Neuer Armutsbericht des Paritätischen: Jeder sechste Mensch in Niedersachsen betroffen – Armutsquote steigt auf 16,9 Prozent
Die Armut in Niedersachsen nimmt wieder zu – und sie verschärft sich. Das zeigt der heute veröffentlichte Armutsbericht des Paritätischen Gesamtverbands. Insgesamt müssen 2024 dem Bericht zufolge 16,9 Prozent der niedersächsischen Bevölkerung zu den Armen gezählt werden – das ist mehr als jede sechste Person, also rund 1,3 Millionen Niedersachsen und Niedersächsinnen. Im Vergleich zum Vorjahr ist die Armutsquote um 2,1 Prozentpunkte gestiegen und liegt damit sogar über dem Bundesdurchschnitt von 15,5 Prozent.
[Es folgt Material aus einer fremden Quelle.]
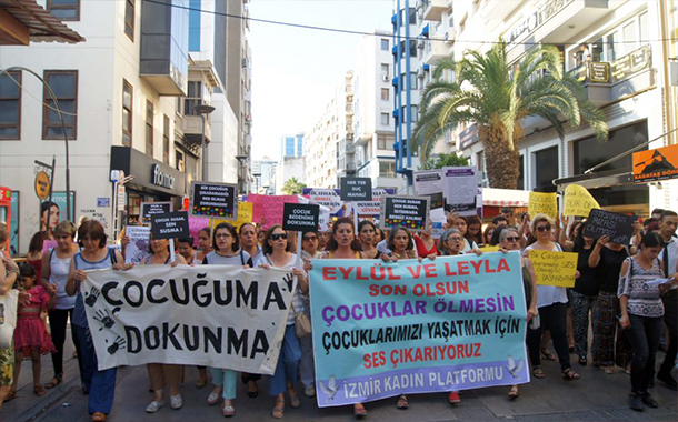 İzmir Kadın Platformu çocuk istismarı ve çocukların öldürülmesine karşı Alsancak ÖSYM binası önünde toplanarak Kıbrıs Şehitleri Caddesi boyunca yürüyüş yaptı. “Eylül, Leyla ve daha nice çocuğun ölümünden istismar önergelerini Meclis’te reddedenler sorumludur” vurgusu yapan kadınlar Türkan Saylan Kültür Merkezi önünde basın açıklaması yaptı.
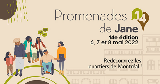 « Préparez-vous à (re)découvrir votre ville ! De retour dans les quartiers de Montréal après deux ans en ligne, la 14e édition des Promenades de Jane aura lieu les 6, 7 et 8 mai prochains. Cet événement est l’occasion parfaite d’échanger et de partager avec des citoyens de tous horizons sur des enjeux, thèmes ou réalités montréalaises.
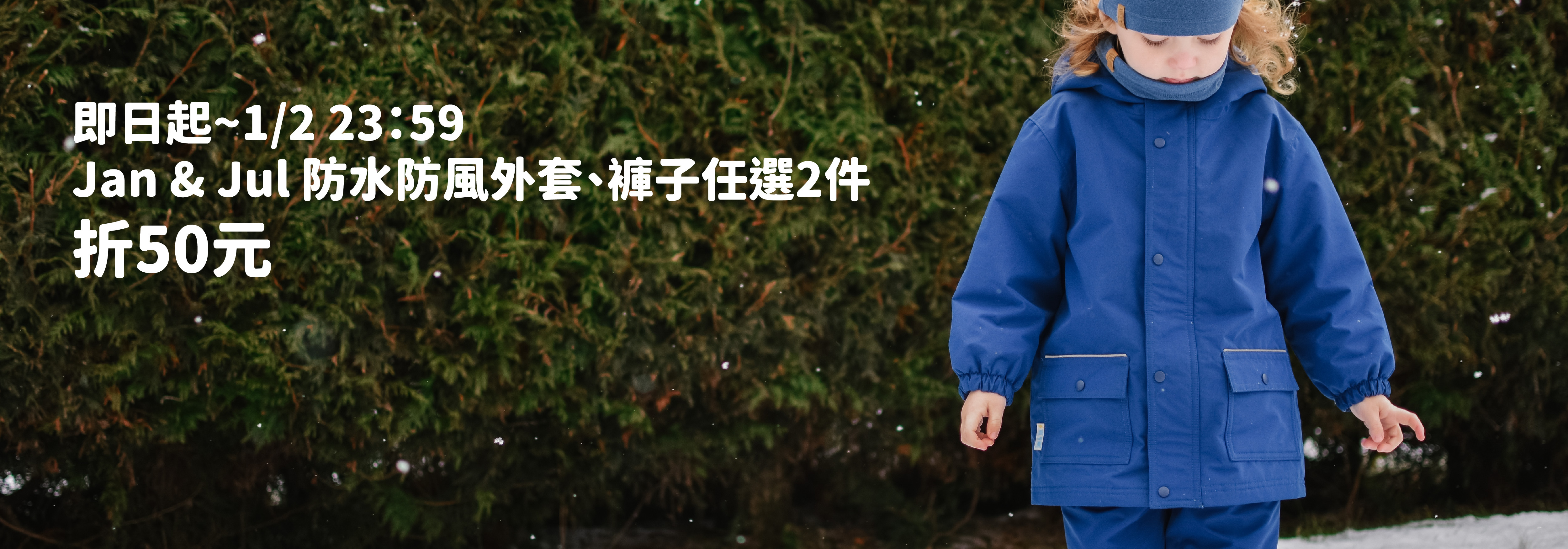 即日起~1/2 23:59 Jan & Jul 防水防風外套、褲子任選2件折50元

Im bundesweiten Vergleich belegt Niedersachsen damit einen der vorderen Plätze im negativen Ranking der Armutsbetroffenheit. Nur Mecklenburg-Vorpommern, Nordrhein-Westfalen, Sachsen-Anhalt und Bremen schneiden noch schlechter ab. Während Niedersachsen auf Platz 5 landet, zeigen Bundesländer wie Bayern (11,8 %) und Baden-Württemberg (13,2 %), dass deutlich niedrigere Armutsquoten möglich sind.
„Wir erleben aktuell eine soziale Schieflage mit wachsender Dynamik – und wir dürfen uns daran nicht gewöhnen“, warnt Kerstin Tack, Vorsitzende des Paritätischen Wohlfahrtsverbands Niedersachsen. „Niedersachsen braucht jetzt einen gemeinsamen Kraftakt von Land, Kommunen und Bund. Der Sozialstaat als soziale Infrastruktur muss wieder in die Lage versetzt werden, Armut wirksam vorzubeugen und allen Menschen gesellschaftliche Teilhabe zu ermöglichen. Nicht zuletzt geht es dabei auch um die Resilienz unserer Demokratie gegen ihre Feinde.“
Einkommensarme Menschen in Niedersachsen haben in den vergangenen Jahren massiv an Kaufkraft verloren. Während bundesweit das mittlere Einkommen von Menschen unterhalb der Armutsgrenze im Jahr 2020 noch bei 981 Euro im Monat lag, sind es 2024 preisbereinigt nur noch 921 Euro – ein realer Verlust von über 60 Euro monatlich.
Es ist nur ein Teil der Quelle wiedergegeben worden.